In deze loop vind je dus zaken als:
- De uitrol naar een productieomgeving (succesvol of niet, dat is ook feedback);
- Signalen uit het testen in productie (A/B testing, Blue/Green, Canary Releases, etc.);
- Beschikbaarheidstesten, waarbij downtime meestal zorgt voor zo’n eerdergenoemd ticket waarop snel gehandeld moet worden;
- Gebruikers Acceptatie Testen (User Acceptance Tests) ;
- Handmatige testen door de business of eindgebruikers;
- Toegankelijkheidstesten (Accessibility).
De keten
Als we de drie feedback loops aan elkaar koppelen krijgen we een reeks aan stappen die bestaan uit de checks en validaties. Als we de stappen uit deze reeks willen automatiseren komen we in de meeste gevallen al snel uit bij een zogeheten “Continuous Integration / Continuous Deployment” pipeline.
In de meest eenvoudige vorm geeft CI/CD je controle over de voortbrenging van software door geautomatiseerde stappen. Continuous Integration is het mechanisme waarbij je het werk van individuele ontwikkelaars samenvoegt in de hoofdcode. Je zorgt er dus voor dat de losse wijzigingen goed samenwerken met elkaar én met het werk dat al eerder is gedaan. Continuous Deployment neemt deze wijzigingen zo vaak als nodig uit de hoofdcode en rolt deze direct uit op een (productie) omgeving. Om uit de hele keten de feedback te organiseren (en standaardiseren) kunnen we daarnaast gebruik maken van iets wat ‘Continuous Testing’ heet.
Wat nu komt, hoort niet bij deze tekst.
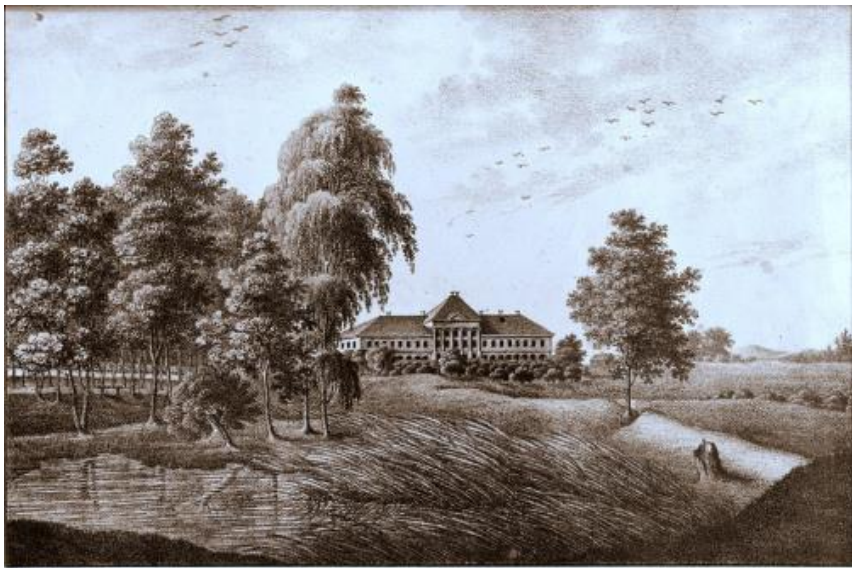
gerichtet von Menckeldi Lith. von Krause Sveithoff
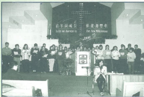
在多倫多短宣中心舉辦「華人福音運動」培靈聚會中，短宣校友們在台上獻詩，張教士帶著腳傷坐著分享信息、激發人心。(1/00)
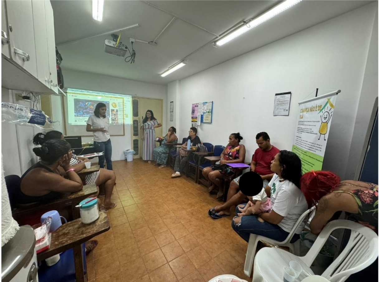
Figura 7. Atividade: Reunião com famílias

Tema: Funcionamento dos serviços do CREAS e elucidação de dúvidas

“Testen is feedback. Dus door continu te testen krijg je alle feedback die je nodig hebt.”
Continuous Testing
Laten we kijken naar een voorbeeld waarin het allemaal samenkomt. Het volgende diagram toont een CI/CD pipeline waarin een aantal van de checks en tests zitten die in dit artikel langs zijn gekomen. Hoewel het hier een versimpelde versie betreft van een echte pipeline (te weten van Amped, een Open Source project), zit er toch al aardig wat in. Het zal ook zeker niet op alle situaties van toepassing zijn, maar het toont wel hoe de drie typen feedback samenwerken om waardevolle terugkoppeling te verzamelen.
Omdat we, vooral bij de eerste twee feedback loops, zo min mogelijk tijd willen verliezen maken we in dergelijke pipelines in hoge mate gebruik van geautomatiseerde stappen. In dit getoonde diagram zit ook maar één handmatige stap (de ‘Code Review’) op de weg naar de productieomgeving! Deze methodiek kennen we als Continuous Testing, soms ook wel Agile Testing genoemd. Het beschrijft het proces van het uitvoeren van geautomatiseerde testen als onderdeel van de software delivery pipeline om feedback te krijgen op de risico’s van een bepaalde software release. Met andere woorden: wat zijn de (bedrijfs)risico’s van de software die je uitrolt op productie.
De naam is overigens verwarrend, want met Continuous Testing wordt niet bedoelt dat we de hele tijd testen… het betekent vooral dat we in elke fase van het software delivery proces testen hebben zitten die bepaalde risico’s in kaart brengen. Omdat wij toch terugkoppeling willen in elke fase van het proces is dit een mooie methodiek om onze drie feedback loops in onder te brengen!